The competition is not just coming from those two giants; the whole landscape has shifted. In March, a comprehensive advertising report from GroupM showed that search advertising spending grew 1.8% year-over-year in 2020, and search advertising spend is expected to grow 19.3% in 2021.
“The overall trend was that CPCs in particular in 2020 were at some of the lowest they’ve been in the past four years, which is understandable as some people pulled back in marketing spend,” says Gareth Cleevely, senior VP and head of search at Dentsu Media U.S. “But CPCs in 2021, especially in recent months, are some of the highest we’ve seen in the past four years.”
Cleevely notes that analyzing Google search spending can get tricky. Some sectors like, say, a niche apparel company could see ad costs diminish, while others like furniture companies or beauty brands see costs rise. Pricing in Google auctions depends on seasonality, sales cycles, competition in the auction place, consumer habits, and more. So, some sectors see lower prices and others see rising prices. In general, this latest profound spike is mostly being seen by e-commerce retailers, according to the ad specialists.

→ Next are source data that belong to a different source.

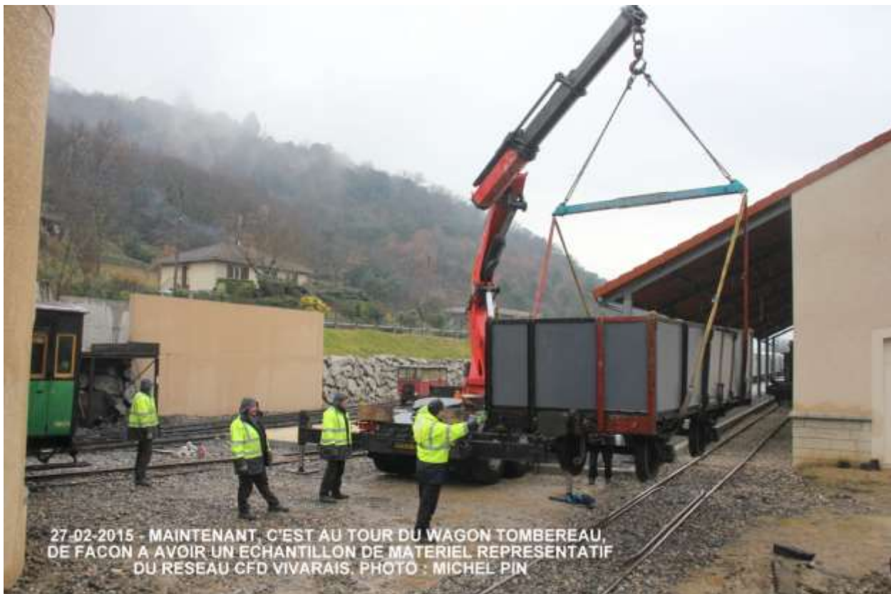
27-02-2015 - MAINTENANT, C'EST AU TOUR DU WAGON TOMBEREAU, DE FACON A AVOIR UN ECHANTILLON DE MATERIEL REPRESENTATIF DU RESEAU CFD VIVARAIS.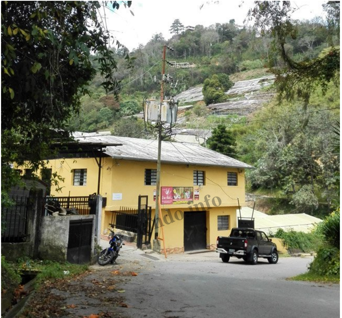
Fachada de la casa de cultivo.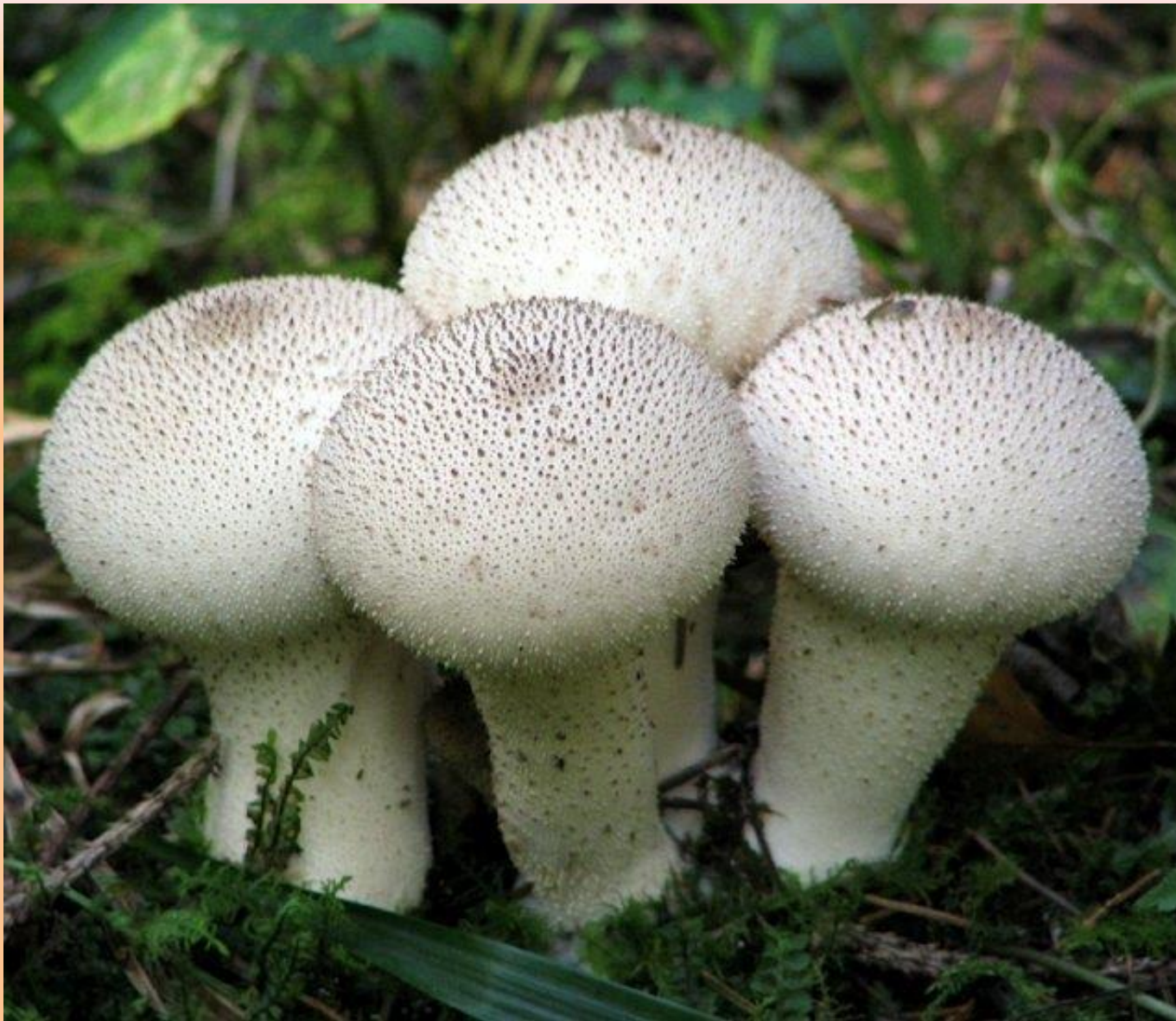
Гриб - дождевик

“From a percentage perspective, it changes by vertical,” Cleevely says. “But if we, without mentioning clients by name, take makeup beauty brands, we’ve seen interesting spikes of over 30 cents per click.”

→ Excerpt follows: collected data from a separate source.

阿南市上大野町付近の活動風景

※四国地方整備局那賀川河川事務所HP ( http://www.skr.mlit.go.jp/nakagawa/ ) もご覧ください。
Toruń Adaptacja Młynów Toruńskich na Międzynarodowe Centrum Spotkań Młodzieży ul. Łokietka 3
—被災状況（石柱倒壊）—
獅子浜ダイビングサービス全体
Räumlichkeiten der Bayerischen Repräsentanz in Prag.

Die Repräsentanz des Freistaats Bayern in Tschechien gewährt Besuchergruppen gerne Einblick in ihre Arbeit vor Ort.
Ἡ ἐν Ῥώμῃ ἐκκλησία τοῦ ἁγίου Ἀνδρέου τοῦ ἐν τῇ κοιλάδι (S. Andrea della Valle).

One beauty brand was spending about $1 per click on Google search in January and now those clicks cost $1.40, and year-over-year some prices increased anywhere from 60% to 70%.

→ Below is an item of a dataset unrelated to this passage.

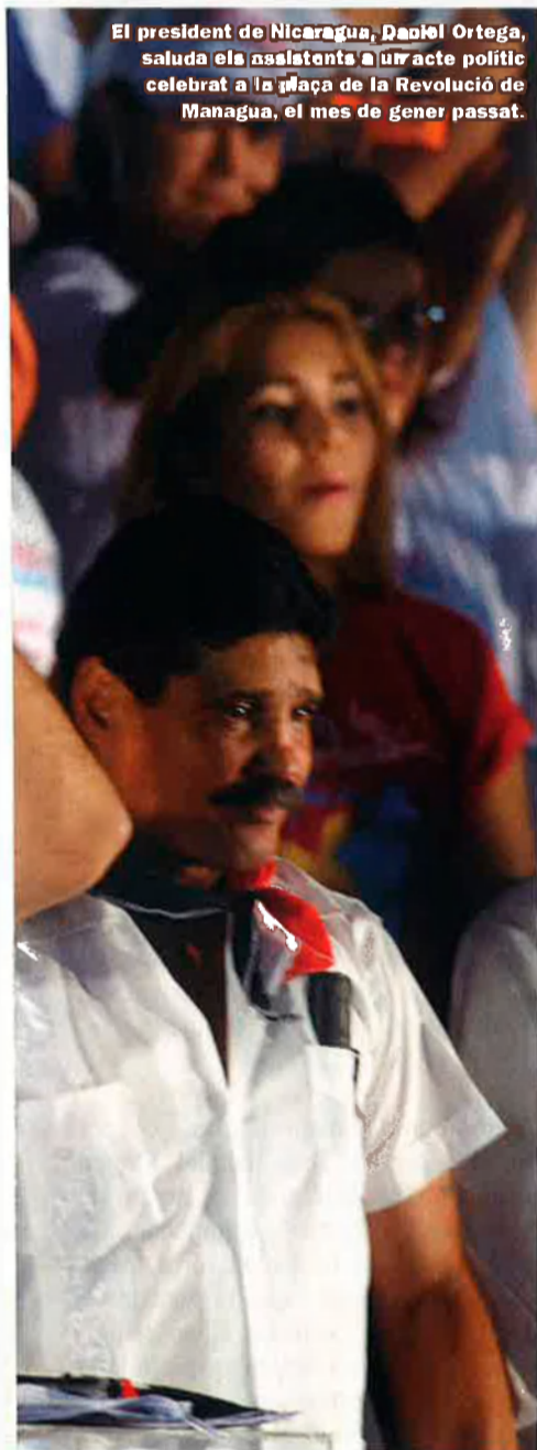
El president de Nicaragua, Daniel Ortega, saluda els assistents a un acte polític celebrat a la plaça de la Revolució de Managua, el mes de gener passat.

Quan feia pocs dies que la Comandante Dos –com era coneguda Dora María Téllez– havia fet cas dels metges i havia abandonat la vaga de fam, va aparèi-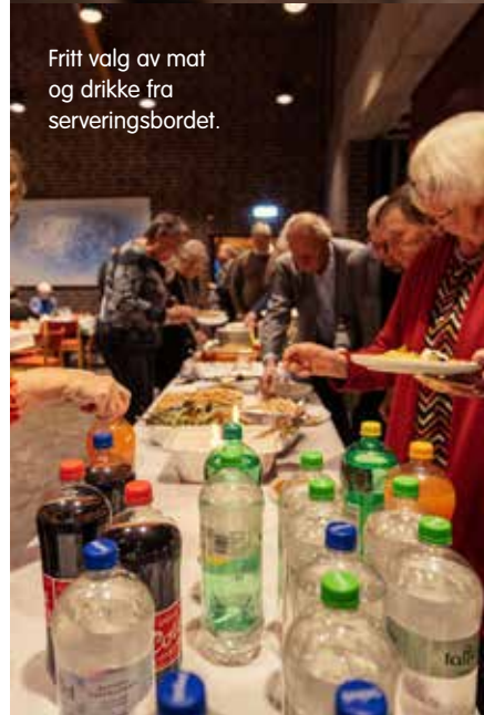
Fritt valg av mat og drikke fra serveringsbordet.

Advertisers are dealing with similar increases in the cost of ads all over the internet, according to the specialists. Amazon ad prices increased 50% year-over-year in May, according to Bloomberg News. Facebook’s ad prices are rising too, according to Tinuiti's Taylor.
“We’re hitting a norm that is higher than it ever was,” Taylor says.
The squeeze is mostly felt by the smaller retailers in e-commerce, who have to spend more to drive growth, Garrow says. The retailers that saw the surge in online sales last year, may have forecasted sales for 2021 that were unrealistic, considering shoppers are going back to stores, Garrow says.
To reach those sales goals, the e-commerce advertisers are pouring into Google search.
Dentsu’s Cleevely says that after last year’s shutdown, brands are not at the top of people’s minds. Consumers are searching more for general categories of products not by name brand. As a result, advertisers have to refine their keyword and audience targeting, Cleevely says.
Also, retailers need to analyze their product selection and favor products that are going to perform better. What sold last year in lockdown, isn’t going to sell itself this year.
Cleevely says that brands have to experiment with the audiences they target on Google, and make sure they are good leads for sales. “Make sure that when you are bidding a premium, it’s for the exact people who are likely to purchase,” he says.
Marketers also need to adjust the levers in every other area of Google’s ecosystem of Shopping ads that sync up to merchants and their product catalogs. The organic presence on Google search, where a website appears freely in Google rankings, is also a factor in marketing success, Cleevely says, adding “there is so much more to the Google landscape than just that paid search spot.”